The Court of Justice of the European Union (CJEU) has provided guidance on how “option to purchase” car deals should be classified for VAT purposes.
The case was referred to the CJEU by a British court in relation to a case pitting Mercedes-Benz against Her Majesty’s Revenue and Customs (HRMC).
The carmaker argued that under its “Agility” lease option contract, VAT should be paid as part of the monthly instalments, while HMRC maintained that it was to be charged – and consequently collected by HMRC – when the car is initially handed over to the customer.
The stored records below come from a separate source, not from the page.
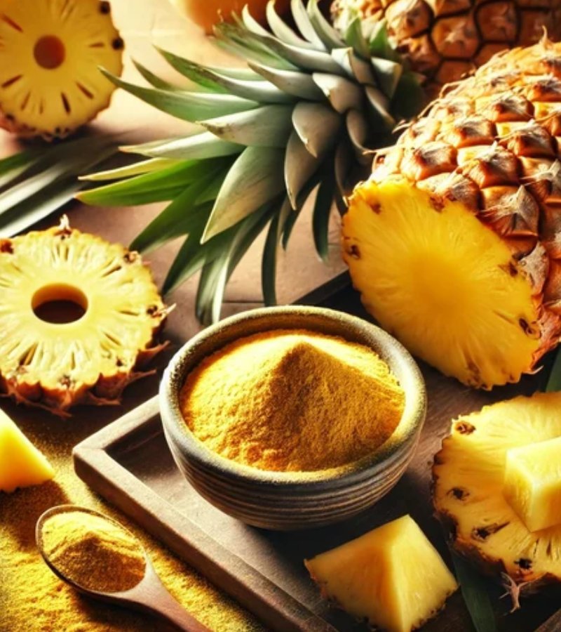 Pineapple powder has tropical flavor and is rich in bromelain. Used in juices, desserts, baby food, and supplements. Helps digestion and boosts immunity.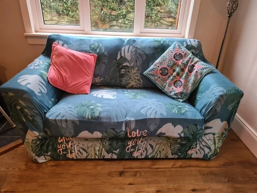 Товар отправили на следующий день после оформления, доставлен через 3 недели. С продавцом не общались. Материал приятный на ощупь, тонкий, лëгкий, запаха не было. Размер чехлов для дивана оказался великоват из-за чего по бокам сборит, возможно, стоило взять размер поменьше, но в целом это не проблема, Что-то можно придумать.
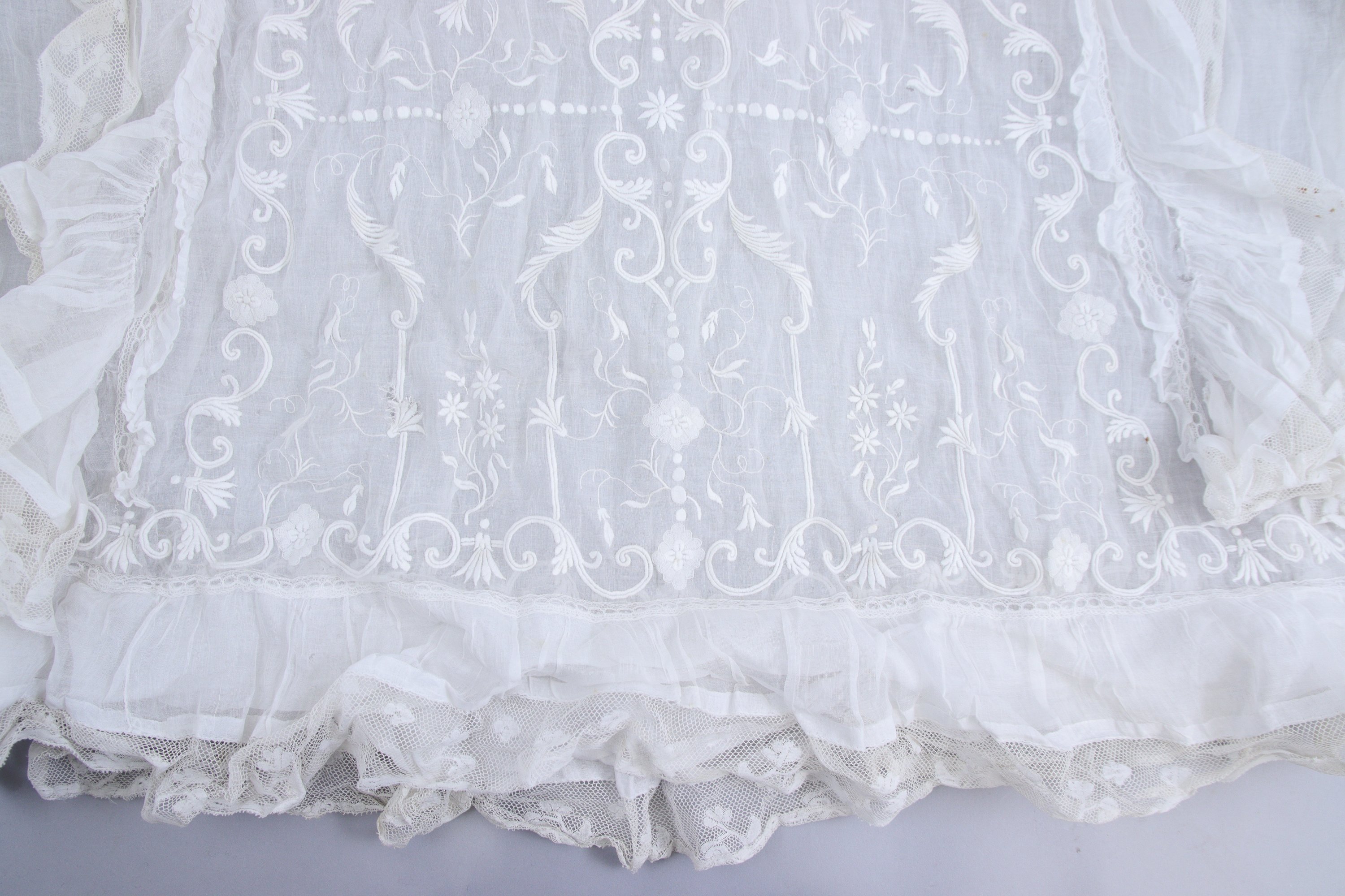 en coton et dentelle, brodée de fleurettes et rinceaux.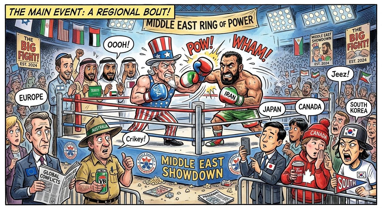 美国和伊朗拳击比赛,美国的拉拉队有以色列和海湾国家。美国的传统盟友都在观看,不当拉拉队。

The CJEU has now determined that such contracts should be considered as “supply of services” – and thus be liable to a monthly, rather, than upfront, VAT.
A “supply of goods” categorization could only apply if it were “economically rational” for the customer to buy the car outright, depending on the terms of contract.
This could happen, for example, when “the aggregate of the contractual instalments will correspond to the market value of the goods, [so that] the lessee will not be required, as a result of exercising the [buying] option, to pay a substantial additional sum,” lawyer Stuart Walsh explained to Out-Law, a blog maintained by firm Pinsent Masons.
Whether it is fair to assume from the terms of a contract that the customer will end up buying the vehicle will be for the national courts to ascertain, the CJEU concluded.
“Overall, this must be a pleasing judgment for taxpayers and welcome news for the car industry at a time of uncertainty,” Walsh said, adding that customers and makers alike will now be “keen to recover this overpaid tax” from HMRC.